In “Forbidden City Enclosed by the Great Firewall: The Law and Power of Internet Filtering in China,” published in the Winter 2012 version of the Minnesota Journal of Law, Science & Technology, Jyh-An Lee and Ching-Yi Liu explain that it is not mere tenacity that permits such effective censorship–the structure of the Chinese internet itself has been designed to allow the centralized authority to control and filter the flow of all communications over the network. Even despite the decentralizing face of content creation on the web, it appears as though censorship will remain technically possible in China for the foreseeable future.

Yet still, technical capability is not synonymous with political permissibility. A powerful middle class is emerging in the country, with particular strength in the large urban areas, where ideas and sentiments are prone to spread quickly, even in the face of government censorship. At the same time, GDP growth is steadily declining from its tremendous peak in the mid-2000s. These two factors may combine to produce a population that has the time, education, and wherewithal to challenge a status quo that will perhaps look somewhat less like marvelous prosperity in the coming years. If China wishes to enter the developed world as a peer to the west (with an economy based on skilled and educated individuals, rather than mass labor), addressing its ongoing civil rights issues seems like an almost unavoidable prerequisite.

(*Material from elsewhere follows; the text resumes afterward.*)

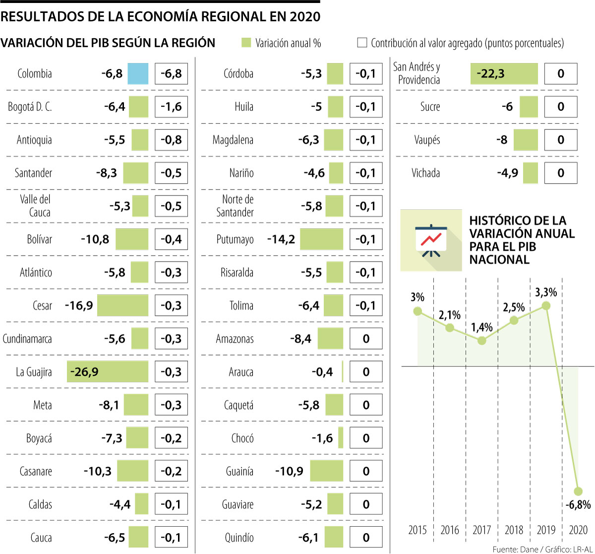 Luego de que se reportara una caída histórica de 6,8% en el Producto Interno Bruto (PIB) colombiano en 2020, el Departamento Administrativo Nacional de Estadística (Dane) entregó los resultados del PIB departamental al cierre del año pasado, unas cifras que dejan ver la contracción de la actividad económica en las regiones tras la llegada del covid-19.

Censorship, Technology, and Bo Xilai

by Jeremy So, UMN Law Student, MJLST Managing Editor

Thumbnail-Jeremy-So.jpgAs China’s Communist party prepares for its once-a-decade leadership transition, the news has instead been dominated by the fall from power of Bo Xilai, the former head of the Chongching Communist Party and formerly one of the party’s potential leaders. While such a fall itself is unusual, the dialogue surrounding Bo’s fall is also remarkable–Chinese commentators have been able to express their views while facing only light censorship.

This freedom is remarkable because of the Chinese government’s potential control over the internet, which was recently outlined by Jyh-An Lee and Ching-Yi Liu in “Forbidden City Enclosed by the Great Firewall: The Law and Power of Internet Filtering in China” recently published in the Minnesota Journal of Law, Science & Technology. Lee and Liu explain how early on in the internet’s development, the Chinese government decided to limit a user’s ability to access non-approved resources. By implementing a centralized architecture, the government has been able to implement strict content filtering controls. In conjunction with traditional censorship, the Chinese government has an unprecedented amount of control over what can be viewed online.

Lee and Liu argue that these technological barriers rise to the level of de facto law. Within this framework, the Chinese government’s history of censorship indicates that there are rules against criticizing the party, its leaders, or its actions.

Chinese internet reactions to the Bo Xilai case are notable because thy have included criticism of all three. Posts expressing differing opinions, including those criticizing the government’s reaction and those supporting the disgraced leader, have not been taken down. Such posts have remained online even while commentary on China’s next leader, Xi Jinping, has been quickly taken down. Given the Chinese government’s potential control and past use of those controls, the spread of such dissent must be intentional.

Whether this is part of a broader movement towards more openness, a calculated response by the party, or a failure of Chinese censorship technology remains to be seen. Regardless, the changing nature of the internet and technology will force the Chinese government to adapt.